JSAI2019

Presentation information

Interactive Session

[3Rin2] Interactive Session 1

Thu. Jun 6, 2019 10:30 AM - 12:10 PM Room R (Center area of 1F Exhibition hall)

10:30 AM - 12:10 PM

[3Rin2-07] Multi-armed bandit algorithm applicable to stationary and non-stationary environment using self-organizing maps

〇Nobuhito Manome1,2, Shuji Shinohara2, Kouta Suzuki1,2, Kosuke Tomonaga1,2, Shunji Mitsuyoshi2 (1. SoftBank Robotics Corp., 2. Graduate School of Engineering, The University of Tokyo)
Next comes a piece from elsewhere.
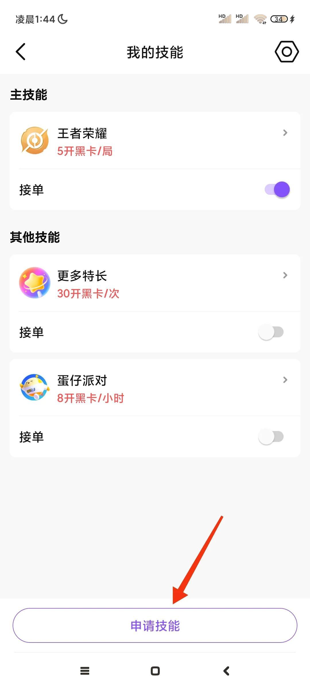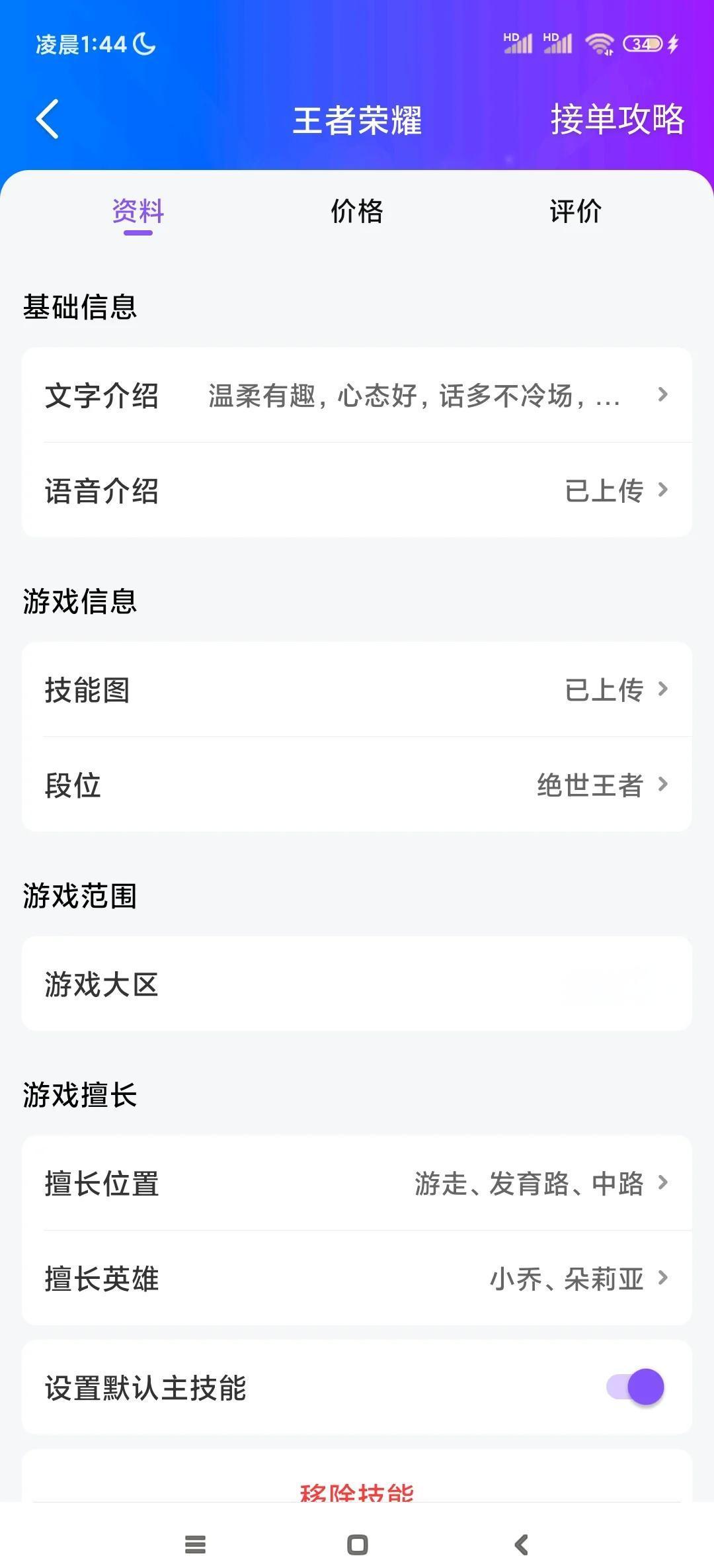 4、选择你要申请的游戏技能(以王者荣耀为例),女生需要星耀以上段位才能申请,男生我就不太清楚了。填写好个人信息。

Keywords:Multi-armed bandit problem, Self-organizing maps

A communication robots aiming to satisfy the users facing them needs to take appropriate behavior more rapidly. However, user requests often change while these robots are determining the most appropriate behavior for these users. Therefore, it is difficult for robots to derive an appropriate behavior. Such problems are formulated as a multi-armed bandit problem. To solve this problem, we proposed a multi-armed bandit algorithm capable of adaptation to stationary and non-stationary environments using self-organizing map. In this study, numerous experiments were conducted considering a stochastic multi-armed bandit problem in both stationary and non-stationary environments. Consequently, the proposed algorithm demonstrated equivalent or improved effectiveness in stationary environments with numerous arms and consistently strong capability in non-stationary environments regardless of the number of arms in contrast with existing UCB1, UCB1-Tuned, and Thompson Sampling algorithms.